Droning about the end of war

WASHINGTON — It’s good to know that the war on terror is finally over. It was all so ugly, what with the beheadings and bombings.

Wait.

Weren’t we just talking about the IRS targeting conservative groups and the Justice Department secretly seizing reporters’ phone records? Weren’t we just talking about how no effort was made to rescue our people in Benghazi? The official line is that we couldn’t have gotten there in time but, as numerous military readers have pointed out to me, no one knew how long the siege would last. How, then, could anyone have known that there wasn’t time to get there? Turns out maybe, though hindsight isn’t much of a military strategy.

But, then, I am behind the news. While I was temporarily suspended in a fever-induced fugue, someone apparently changed the subject. More relevant — suddenly! — are drones, Gitmo and the end of war. Fine, then. Let’s do war. In a 7,000-word speech that has been praised as oratory for grown-ups (dissenters presumably are childish), President Obama intoned that the time has come to end the war on terror. Hear, hear.

But does saying it’s so make it so?

Surely the limbless victims of the Boston marathon bombing, perpetrated by radicalized Muslims, have no such sense of the end of terror. Certainly the family of a British soldier recently hacked to death in a London street by ranting Islamist lunatics shares no such understanding of things.
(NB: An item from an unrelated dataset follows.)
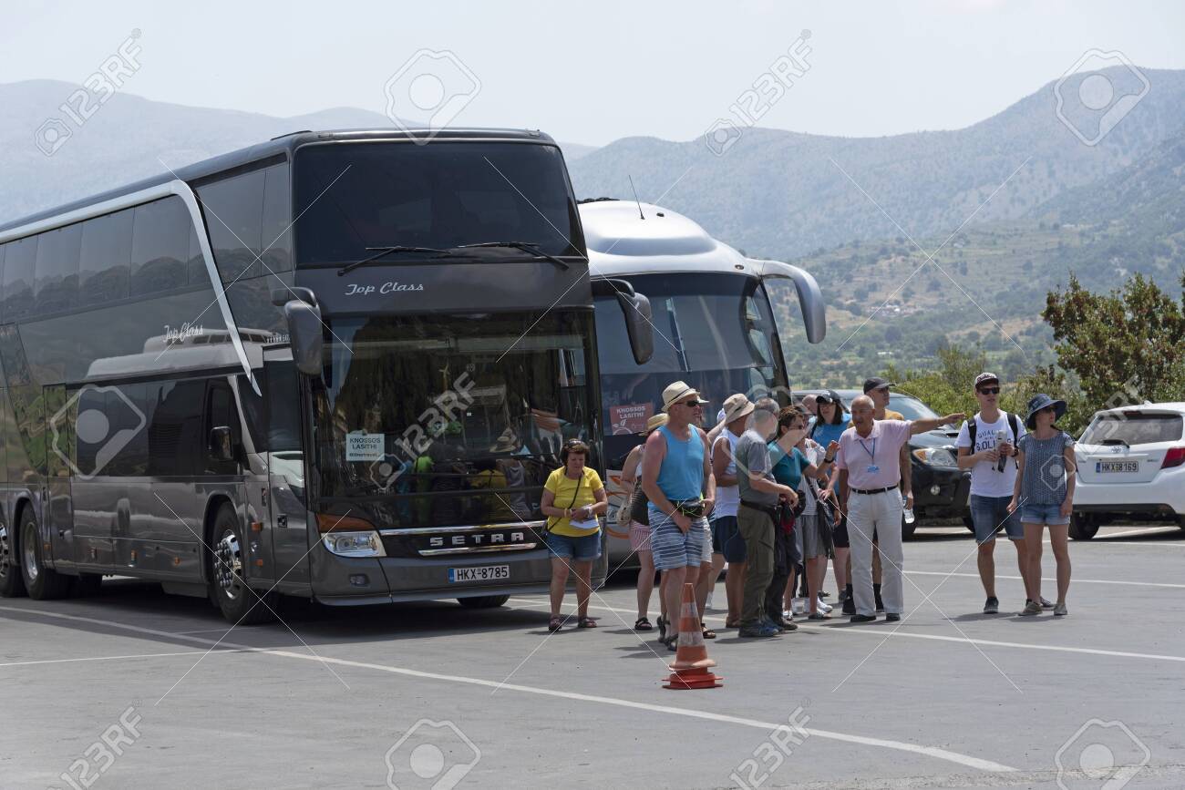 Lassithi Crete Greece June 2019 Tour Guide And A Group Of
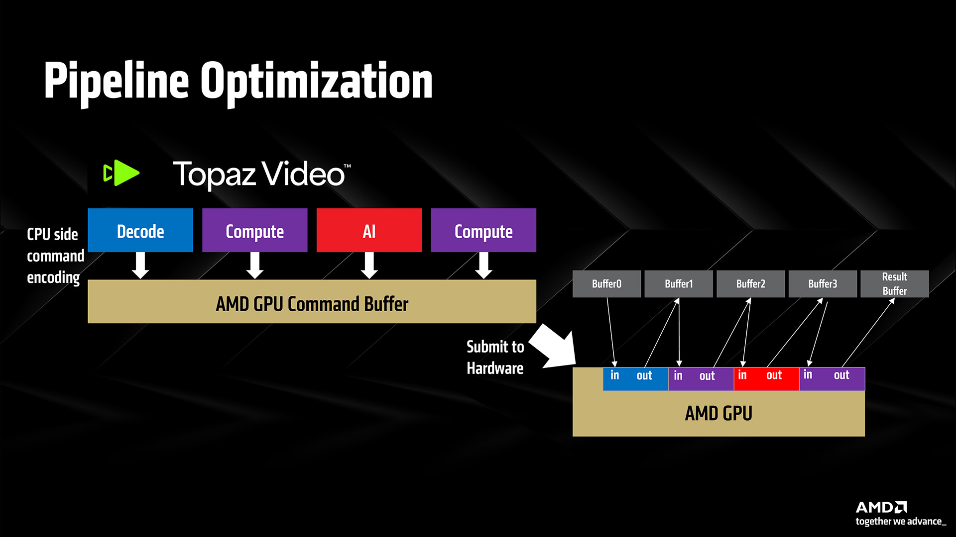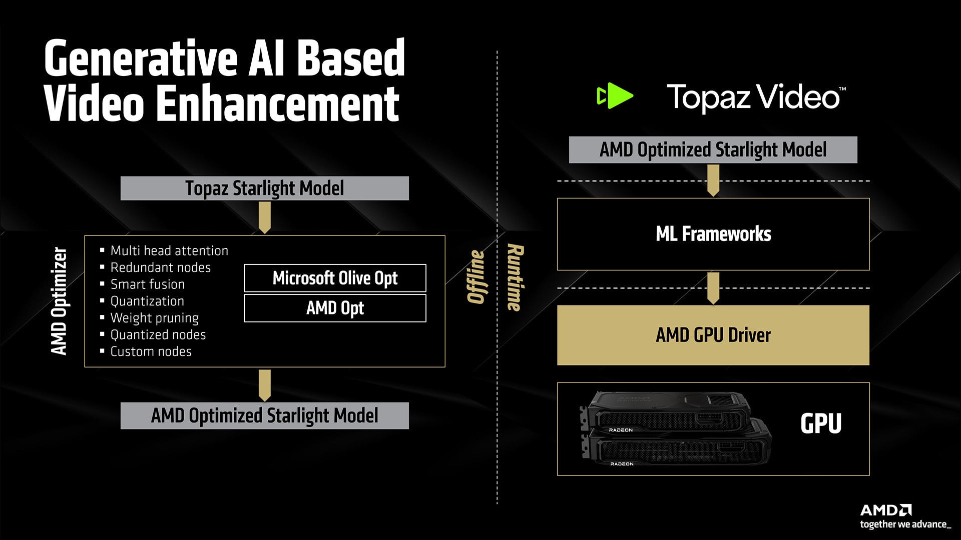 • The collaboration between Topaz Labs® and AMD enabled the efficient deployment of AI-powered video enhancement models, meticulously optimized for AMD GPU architectures using AMD Optimizer toolchains. These optimizations maximize parallel processing throughput while minimizing latency for real-time performance.

Obama’s central point was that we should keep our eye on the individual or terrorist cell but end the open-endedness of our wartime footing. Our postwar strategy would depend largely on the use of drone strikes — remote and tidy by usual war standards.

Most Americans, though reluctant to enthusiastically support robot-propelled weaponry against unsuspecting strangers (aka evil-doers), support Obama’s drone policy, nonetheless. They do draw the line at killing U.S. citizens on American soil and also oppose using drones to catch speeders, according to polling.

It is a nice thought, the end of war. To make official our non-war stance, Obama wants to end the Authorization for Use of Military Force passed by Congress in the aftermath of the attacks on the World Trade Center and the Pentagon. Noting that no president can promise to end all terror, or the enmity that informs terrorism, our nation can ill-afford to continue to define itself by an endless war.

Whether the authorization should be eliminated will be debated in Congress. But lest we swoon ourselves into a state of British-style appeasement (their solution to the recent attack is for soldiers not to wear uniforms), we should be mindful that Obama has maintained and/or ratcheted up nearly every objectionable measure instituted by his predecessor, George W. Bush.

Obama kept Gitmo because, like Bush, he discovered he couldn’t close it. He kept and boosted security measures, including increasing surveillance and expanding law enforcement powers, even though Bush was loathed for his draconian measures.

Once during an interview, Bush told me that he had made the hard decisions and put the unpopular things in place. He promised that his successor would be grateful. “The next president will need them.”

In his speech, Obama said all the right things about how some security measures have “raised difficult questions about the balance we strike between our interests in security and our values of privacy.” Sounds good, but let’s be clear: Worry or not, we’ve landed on the side of further limiting liberties.

Similarly, we may end the war on terror, but we will still rain shock and awe on perceived enemies where they sleep, and — in the collateral damage we say we hate but ruefully accept — on the innocents sleeping nearby.

To Obama’s credit, he has ended the use of torture. We became temporarily insane after 9/11, willing to do almost anything to prevent the next attack. But torture, besides producing unreliable information, is contrary to our national soul and a blemish on our history. We cannot express moral outrage at the actions of others when we are committing the morally outrageous.

Finally, to the larger point, the war on terror is not over and saying so won’t make it so. We may change our strategies, but we should not convince ourselves that our enemies are contained. Rather, they are like cicadas, rising from their subterranean berths to wreak havoc when the time is ripe. Let’s hope we’re ready when that time comes.